Compounds containing sulfur show similar patterns. The CHO1S1 is the first elemental subspace in the category of CHOS compounds. Our results distinguished two groups (Fig. 4). Unlabeled compounds originate from acetylene alone, whereas mono-labeled compounds are derived from acetylene and a single carbon monoxide molecule. No double- or triple-labeled CHO1S1 compounds were detected. CHO1S1 compounds match the elemental composition of thio acids. The possibility of a modified Reppe chemistry with hydrogen sulfide instead of water leading to thio acids was already shown in earlier works of Reppe1. Having both labeled and unlabeled species of this compound class is surprising, as the pathway described by Reppe requires carbon monoxide. However, the probability that the unlabeled compounds belong to a different class of compounds is low, as hydroxy and thiol groups alone do not efficiently ionize in negative ionization mode. Those unlabeled species are also mostly fully labeled if acetylene is used with two labeled carbons instead of carbon monoxide (Fig. 4, black circled dots), excluding contamination. The formation of thio acetic acid could be detected in high amounts at early time points in the system with NMR (see Supplementary Fig. 2), further strengthening the presence of thio acids formed without carbon monoxide. If no more than two oxygen atoms are present in the molecule, the amount of labeled carbon does not exceed one 13C. This result suggests that sulfur cannot completely exchange oxygen in this system. Oxygen originating from carbon monoxide stays attached to its labeled carbon.

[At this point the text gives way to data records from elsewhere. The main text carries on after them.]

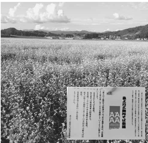
地元産の玄蕎麦を使用した手打ち蕎麦が売り物
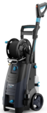
Nilfisk MC 2C-120/520 XT
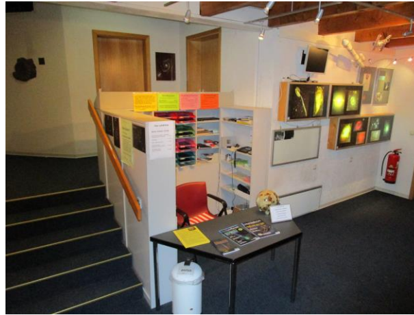
🕒 Eingangshalle mit Kassenbereich
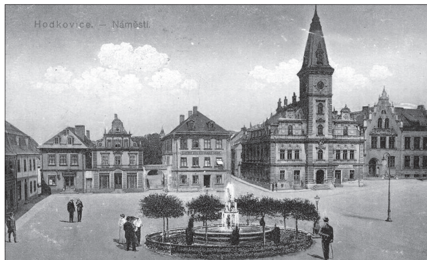
Hodkovické náměstí z r. 1914
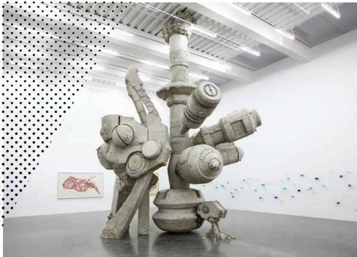
Adrián Villar Rojas, A Person Loved Me , 2012.
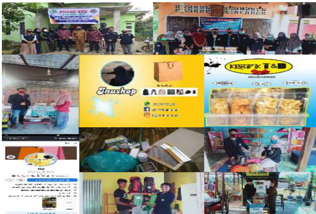
Gambar 2. Realisasi Kegiatan “Pelatihan Organisasi Kepemudaan, entrepreneurship , Ekonomi Kreatif, Bisnis Online, dan pengadaan teknologi tepat guna” KKN-PPM DIKTI UM Palopo, Posko 25 Desa Muhajirin Kecamatan Suli Barat Kabupaten Luwu
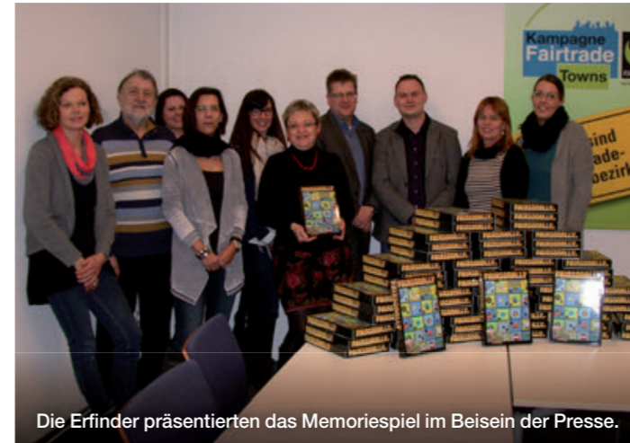
Die Erfinder präsentierten das Memoriespiel im Beisein der Presse.
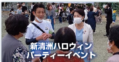
新清洲ハロウィン パーティーイベント
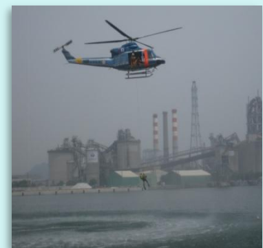
津波転落者救出訓練

今後も防災関係機関との連携、地域防災力の強化を図り、安全・安心で災害に強い福岡県づくりに取り組んでいきます。
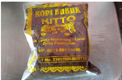
Gambar 4. Kemasan Kopi Kitto Yang Lama

Dalam kegiatan pengabdian ini tim melakukan sosialisasi dan pelatihan. Pelatihan untuk meningkatkan pengetahuan terhadap manajemen mengelola usaha dengan memilih kemasan produk yang lebih menarik dan dapat bertahan lama serta memberikan pelatihan pemasaran produk melalui digital (Khairul Bahrin, Yusmaniarti, 2021).
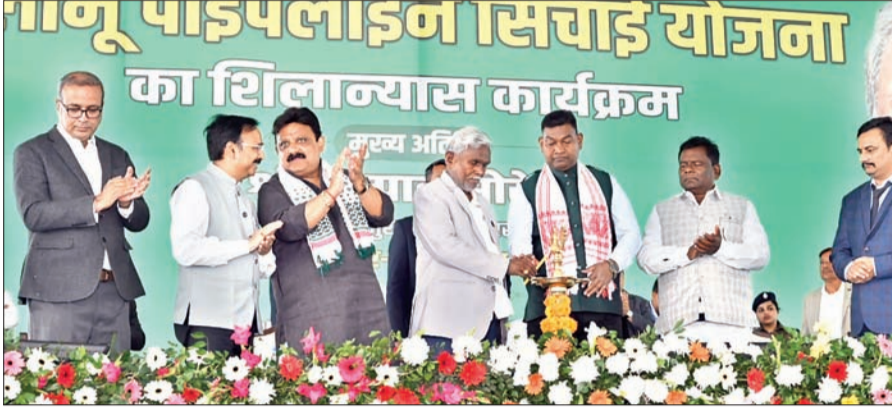
पलामू पाइपलाइन सिंचाई योजना कार्यक्रम का शुभारंभ करते मुख्यमंत्री चंपाई सोरेन, मंत्री सत्यानंद भोक्ता व अन्य।

गया। मुख्यमंत्री ने बताया कि राज्य के 20 लाख से अधिक गरीब परिवारों को अबुआ आवास योजना से जोड़ा गया है। लक्ष्य के अनुरूप वर्ष 2027 तक सभी चर्चनित परिवारों को अबुआ आवास योजना का लाभ दिया जाएगा। वहीं, मंत्री सत्यानंद भोक्ता
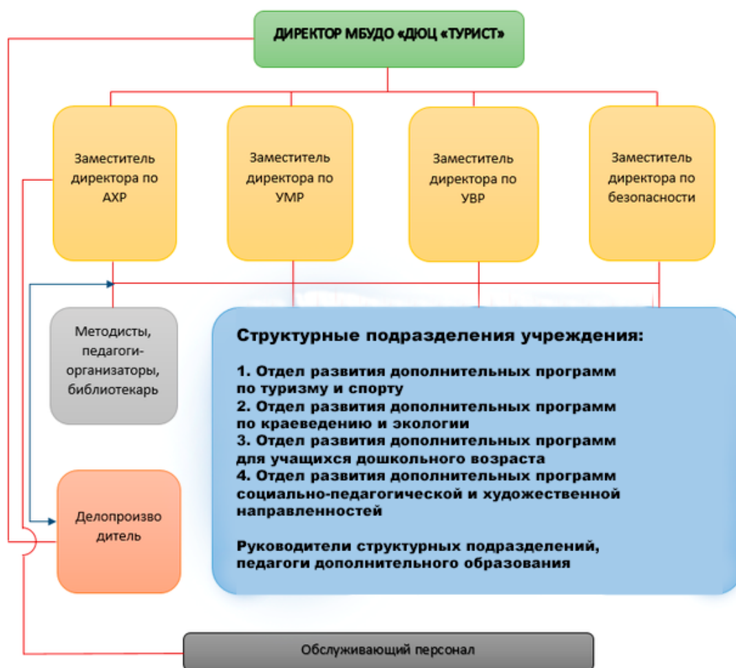
Схема управления МБУДО «ДЮЦ «Турист»

*На схеме показаны основные иерархические связи по должностям в образовательной организации
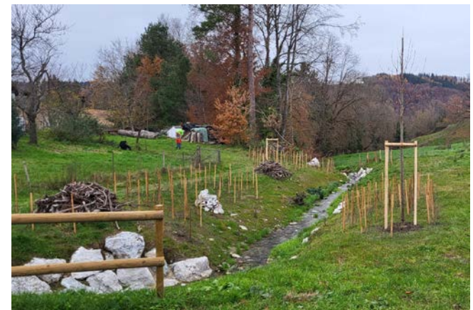
8. Plantation de buissons et de plantes hélrophytes sur les berges
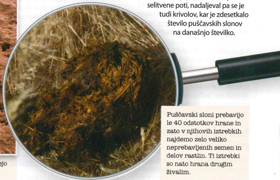
Puščavski sloni prebavijo le 40 odstotkov hrane in zato v njihovih iztrebkih najdemo zelo veliko neprebavljenih semen in delov rastlin. Ti iztrebki so nato hrana drugim živalim.
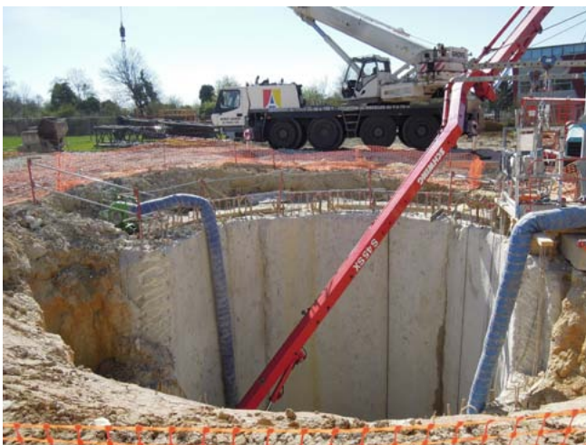
Construction de la fosse de plongée en 2012

Je suis un ancien patineur, de niveau national et sélectionné plusieurs fois en international. J'ai ensuite eu une maîtrise en économie et gestion du sport puis un master management du sport en école de commerce, et cela fait maintenant 15 ans que je suis dans les piscines ! J'ai travaillé à la fois chez des délégataires à Lyon et Nîmes (dont 4 ans à l'UCPA) puis en tant que responsable en régie directe de trois piscines dans une communauté d'agglomération en Charente-Maritime. Depuis juin 2015, je suis donc de retour à l'UCPA en tant que directeur du centre de Marne et Gondoire.
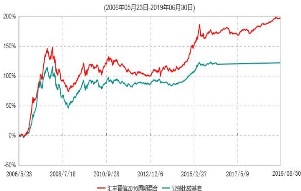
汇丰晋信2016生命周期开放式证券投资基金累计净值增长率与业绩比较基准收益率历史走势对比图
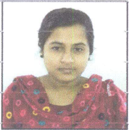
বীথি ফোল্ডিং লেডি সদস্য

Fig. 4: CxHyO1S1-subspace.
figure 4

Elemental compositions in the CxHyO1S1-subspace representing thio acids, colored by the degree of 13C-labelling. Black encircled dots could also be confirmed to consist solely of acetylene building blocks. Differences in hydrogen building blocks are highlighted by black arrows. Horizontal colored lines show the average H/C ratio for the different degrees of labeling. Marker sizes represent relative detected intensity.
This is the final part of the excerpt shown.